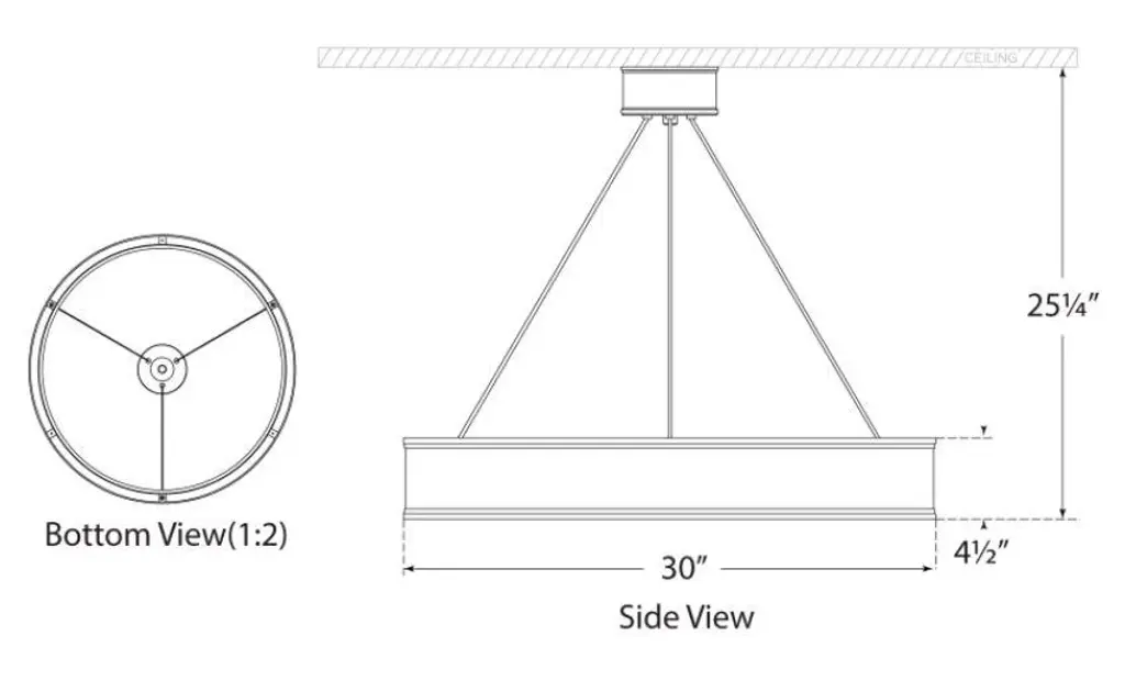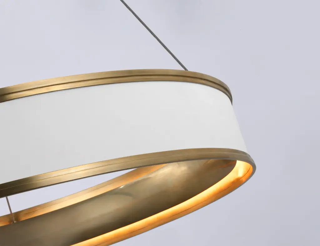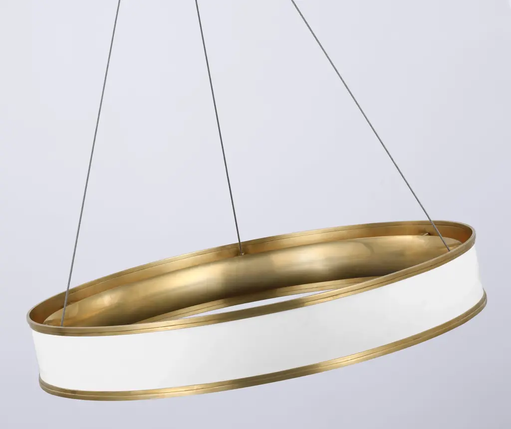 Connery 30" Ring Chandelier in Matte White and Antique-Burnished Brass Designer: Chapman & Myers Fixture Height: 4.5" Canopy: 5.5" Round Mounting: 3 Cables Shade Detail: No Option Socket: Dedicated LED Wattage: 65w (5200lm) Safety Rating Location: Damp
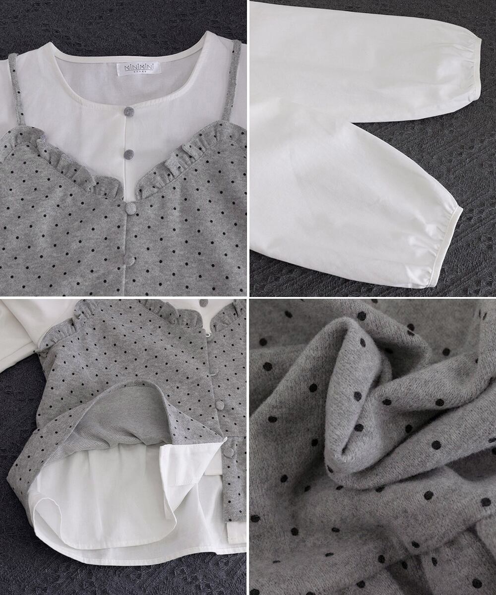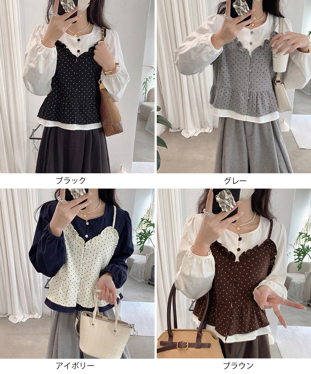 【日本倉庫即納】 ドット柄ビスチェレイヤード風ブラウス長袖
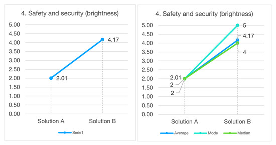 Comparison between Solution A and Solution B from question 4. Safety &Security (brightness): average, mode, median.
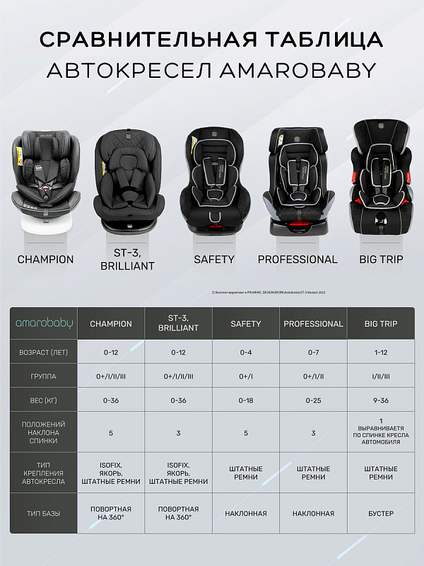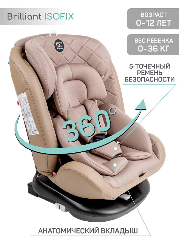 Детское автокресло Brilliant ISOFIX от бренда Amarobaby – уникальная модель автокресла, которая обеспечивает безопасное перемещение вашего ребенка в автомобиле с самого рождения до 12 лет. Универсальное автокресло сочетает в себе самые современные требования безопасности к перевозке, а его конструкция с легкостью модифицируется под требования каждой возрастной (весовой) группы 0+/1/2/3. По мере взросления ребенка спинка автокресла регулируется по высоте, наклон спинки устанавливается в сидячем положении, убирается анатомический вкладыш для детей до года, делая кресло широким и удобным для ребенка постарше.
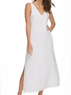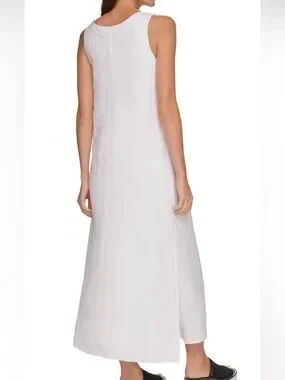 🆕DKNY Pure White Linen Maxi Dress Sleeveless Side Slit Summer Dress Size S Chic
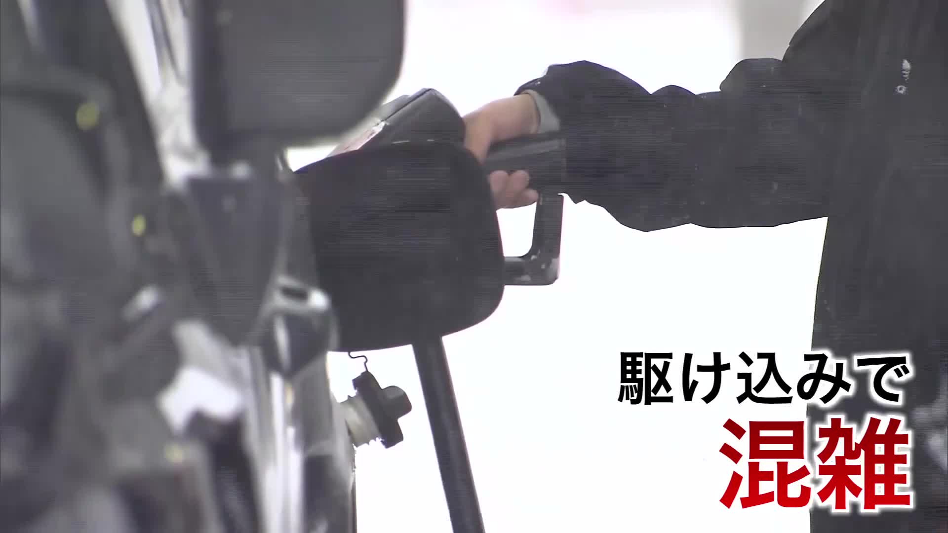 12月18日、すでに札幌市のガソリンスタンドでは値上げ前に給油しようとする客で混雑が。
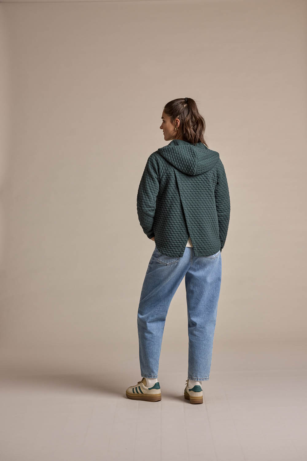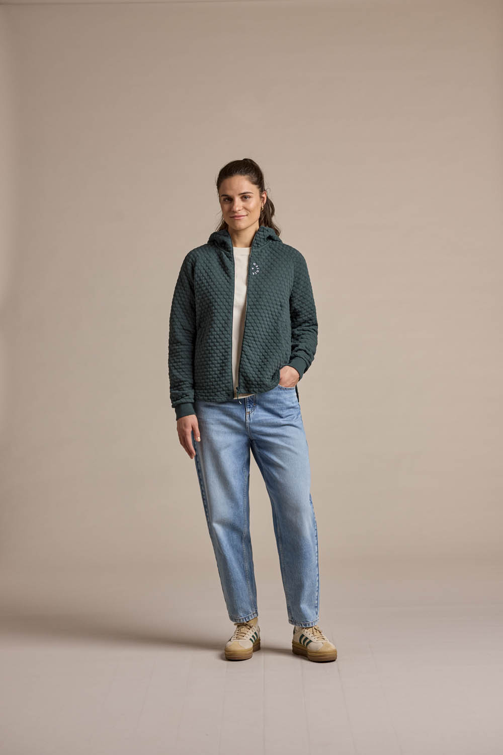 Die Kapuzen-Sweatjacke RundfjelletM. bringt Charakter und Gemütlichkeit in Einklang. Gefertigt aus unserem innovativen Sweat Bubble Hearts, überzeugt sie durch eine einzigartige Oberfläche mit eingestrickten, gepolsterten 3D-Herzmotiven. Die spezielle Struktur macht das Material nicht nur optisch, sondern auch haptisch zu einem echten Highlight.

[Prompt]:
Starting at the line that contains "Size S Chic" and ending at the final line of the data, reproduce each line exactly. Pictures stay out of the copy.

[Expected output]:
 🆕DKNY Pure White Linen Maxi Dress Sleeveless Side Slit Summer Dress Size S Chic
 12月18日、すでに札幌市のガソリンスタンドでは値上げ前に給油しようとする客で混雑が。
 Die Kapuzen-Sweatjacke RundfjelletM. bringt Charakter und Gemütlichkeit in Einklang. Gefertigt aus unserem innovativen Sweat Bubble Hearts, überzeugt sie durch eine einzigartige Oberfläche mit eingestrickten, gepolsterten 3D-Herzmotiven. Die spezielle Struktur macht das Material nicht nur optisch, sondern auch haptisch zu einem echten Highlight.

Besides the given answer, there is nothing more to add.